- Born: 1778
- Died: 15 October 1802 (aged 23–24)
- Spouse: Sanite Belair
- Relatives: Toussaint Louverture
- Allegiance: Spain France Haiti
- Branch: Spanish Royal Army French Revolutionary Army Indigenous Army
- Service years: 1791–1802
- Rank: Brigadier general
- Conflicts: Haitian Revolution

= Charles Bélair =

Haitian revolutionary (1778–1802)

Charles Bélair (1778 – 15 October 1802) was an aide-de-camp and close lieutenant of Toussaint Louverture during the Haitian Revolution. Bélair began his military career in the service of Spanish royalists under the command of Georges Biassou, later defecting to the French and eventually reaching the rank of Brigadier general and serving as Commandant of l'Arcahaie in the Haitian Revolutionary Army. He was also a nephew of Toussaint Louverture. In 1796, he married Sanite Belair.

== Haitian Revolution ==
Bélair first enters the historical record on December 25, 1791, a few months after the events of August 22, when, along with his commander Biassou, he signed a letter of high political significance addressed to the abee de Lahaye. In the summer of 1794, he abandoned Biassou and the Spanish and followed Toussaint into the service of France. With the organization of the troops into demi-brigades in the spring of 1795, he was integrated into a battalion of the 7th Demi-Brigade, eventually becoming its leader, replacing Desrouleaux. During the War of the South, which he waged without excess of zeal, he remained in this post until the campaign in the East. Promoted to brigadier general in January 1801, he retained command of the port of Arcahaie. With the landing of General Leclerc's expeditionary forces, Bélair remained loyal to Louverture and took a defensive posture. As General Boudet's troops approached Arcahaie in February 1802, Bélair collected the funds from the public treasury as well part of the population, set fire to the city and withdrew to the neighboring mountains of Les Matheux. After the fall of Crête-à-Pierrot at the end of March, Bélair fell back into the interior of the country to the mountains around Cahos. This put Belair in a defensive position immediately adjacent to the Cordon de l'Ouest, Louverture's original stronghold centered around Ennnery. At the time of his submission, on May 6, Toussaint Louverture obtained from Captain General Leclerc pardon for three of his generals: Dessalines, Vernet and Bélair. On May 26, Bélair, now under the command of Lerclerc, was transferred from his post as commander of Arcahaie to Verrettes, where he settled on one of his properties.
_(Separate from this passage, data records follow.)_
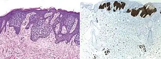 Comparison H&E stain (left) with BerEP4 immunohistochemistry staining (right) on a pathological section having BCC with squamous cell metaplasia. Only BCC cells are stained with BerEP4.[1]
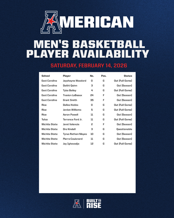 Men's Basketball Player Availability Report - (February 14, 2026) Player availability report for American men's basketball games scheduled for Saturday, February 14, 2026.
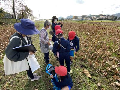 木漏れ日の中、菊沢地区の植物や動物、昆虫の生態について詳しく教えていただいたり、子どもたちから質問したりして、とても楽しく学習しました。
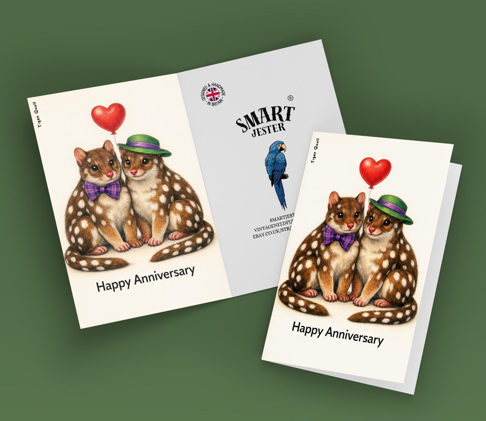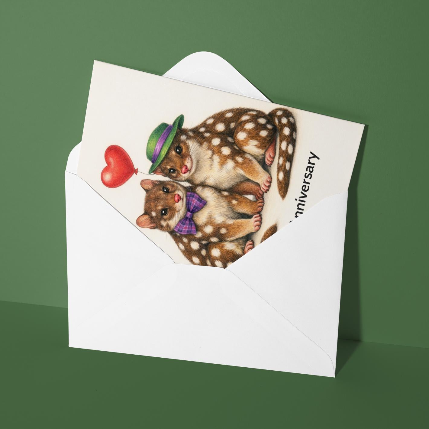 BLANK INTERIOR FOR A PERSONAL TOUCH: Our Animal Hugs Series - Tiger Quolls: Spot on love - Happy Anniversary Card and other whimsical designs feature a blank interior, giving you ample space to write a personal message from the heart. Perfect for any occasion, each card comes with a matching white envelope, making it easy to send your unique sentiments to loved ones.

== Capture and execution ==
The news of the arrest and deportation of Toussaint on June 11 moved Bélair into rebellion. On August 22, 1802 he went to Arcahaie and raised the banner of revolt, later occupying the heights of the Artibonites with his command of troops who had just so recently laid down their arms and passed into French service. Leclerc sent Dessalines (whom Bélair had accused of betraying his benefactor, Louverture) against him. To force Bélair to surrender, disloyal means were used and his family was imprisoned. After learning of the arrest of his wife and mother, Bélair left his hiding place; he was arrested and delivered to Leclerc. The latter formed a commission to judge him, made up of General Charles Dugua, as president, and brigadier generals Clerveaux and Duverseau. Bélair was found guilty and condemned and, on October 15, 1802, he died by firing squad, followed immediately by his wife Sanité.

== Legacy ==

The high school in Arcahaie, which until then had been named François Duvalier, became the Charles Bélair high school in 1986.